= Joshua J. McElwee =

American journalist

Joshua J. McElwee is an American journalist covering the Catholic Church.

== Career ==
McElwee was previously a news editor for the National Catholic Reporter. His reporting, feature writing, and analysis have earned many awards from the Catholic Press Association of the United States and Canada and have been featured in a number of other outlets.

McElwee was awarded third-place for the Magazine Religion News Report prize of the Religion Newswriters Association in 2013, for which he also was a finalist in 2012. He was also a finalist for the Multiple Media award of that organization in 2014 and its Religion Feature Writer award in 2013.

McElwee has reported widely on the pontificate of Pope Francis, covering the pontiff since his election in March 2013. He has also focused his reporting on the Leadership Conference of Women Religious, the main umbrella organization of US Catholic women religious, and on the tensions between Catholic theologians and bishops in the US.
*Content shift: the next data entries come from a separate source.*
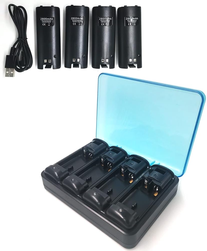 【Wii Remote Battery Pack Rechargeable】We are equipped with four batteries of a capacity of 2800mAh , they are replacements of the original batteries and can work for about 5 hours of a full charge .
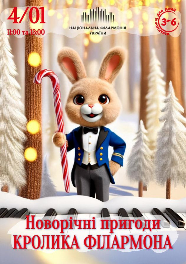 У перші новорічні вихідні, 4 і 5 січня наймолодших меломанів від 3-х до 6-ти років у Музичному салоні філармонії, – очікують «Новорічні пригоди Кролика Філармона».
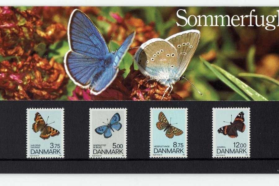 Souvenirmappe med beskrivelse af sommerfuglene ” Nældens takvinge, sortplettet blåfugl, hedepletvinge og admiral”.Postfrisk.
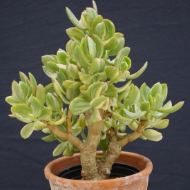 Crassula al porto dell'albero. Foliage variegato crema verde-bianco, a volte alcune sfumature rosa a seconda delle condizioni di crescita.
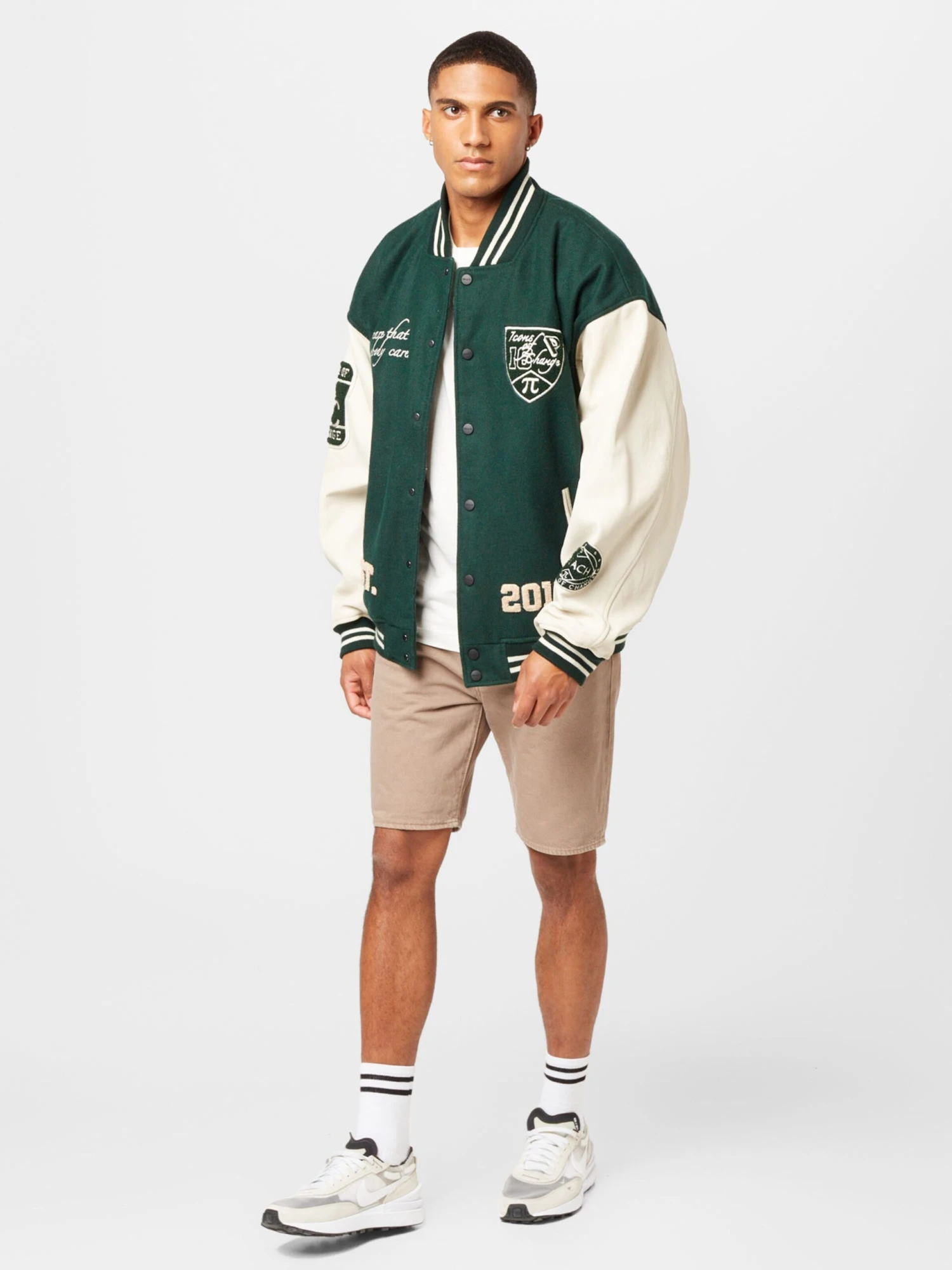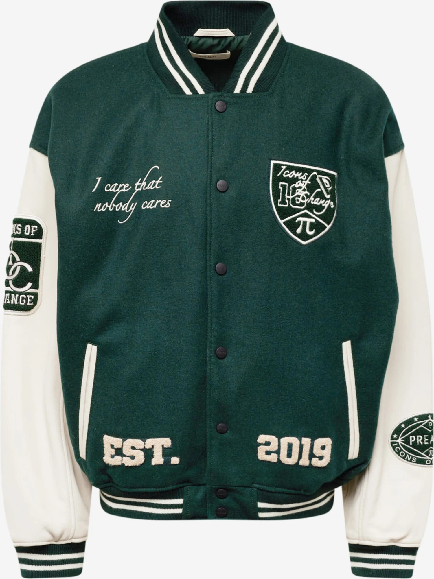 MottoprintLeerCollege jacketGeribbelde kraagGeribd ceintuurtjeZakken aan de zijkantMateriaal mixLabel patch/label flagOp staal nadenLicht gevoerdDrukknoop
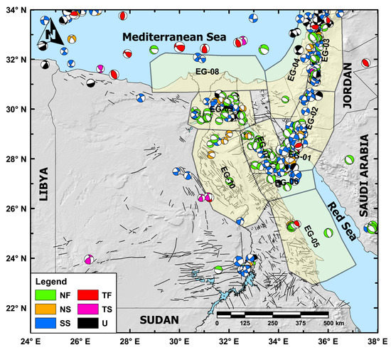 A recent database of focal mechanism solutions (1951–2019) has been provided in Rashwan et al. [61]. These focal mechanism solutions (Figure 5) have been used to study the seismotectonics pattern of the investigated region as well as to define and delimitate the studied seismic sources. Differentiation of the different faulting mechanisms based on their rake angle was considered (Figure 5), i.e., pure normal-faulting (NF), normal-faulting with strike-slip component (NS), pure strike-slip faulting (SS), pure reverse-faulting (TF), and reverse-faulting with strike-slip component (TS).
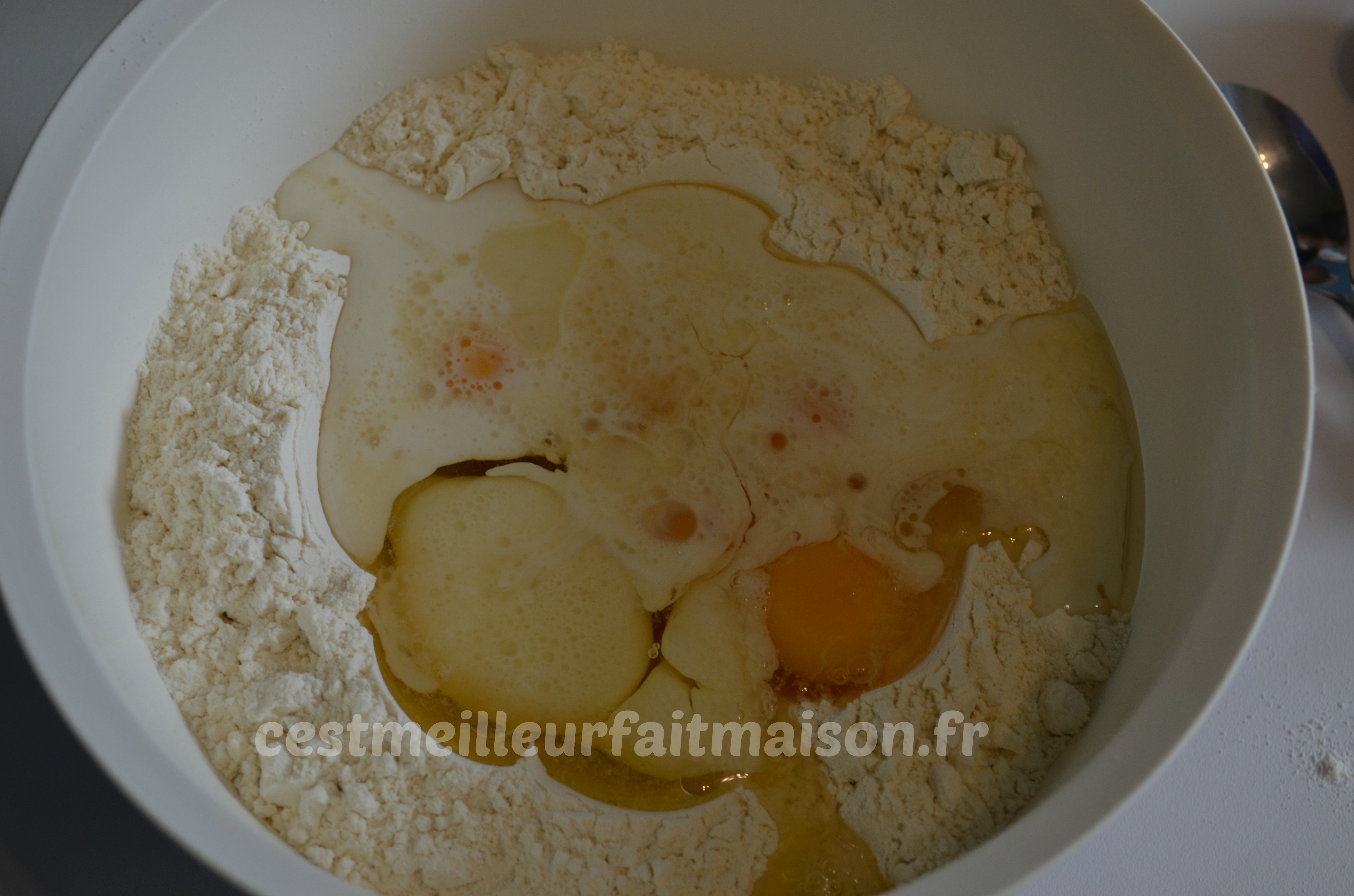 1- Mettre la farine dans un saladier ou bol d’un robot et faire une fontaine. Ajouter au centre les oeufs, le sel, l’huile et les arômes. Verser un peu de lait et commencer à fouetter. Continuer à verser le reste du lait petit à petit tout en fouettant.

McElwee is also a frequent analyst for US radio and television programs. He has appeared regularly on National Public Radio programs including Morning Edition, On Point, and The Diane Rehm Show. McElwee became a Vatican correspondent for Reuters in 2024.

== Personal life ==
He is married to Kate McElwee, the executive director of the Women's Ordination Conference. As of 2018 both live in Rome, and both serve on the pastoral council of the Caravita Community.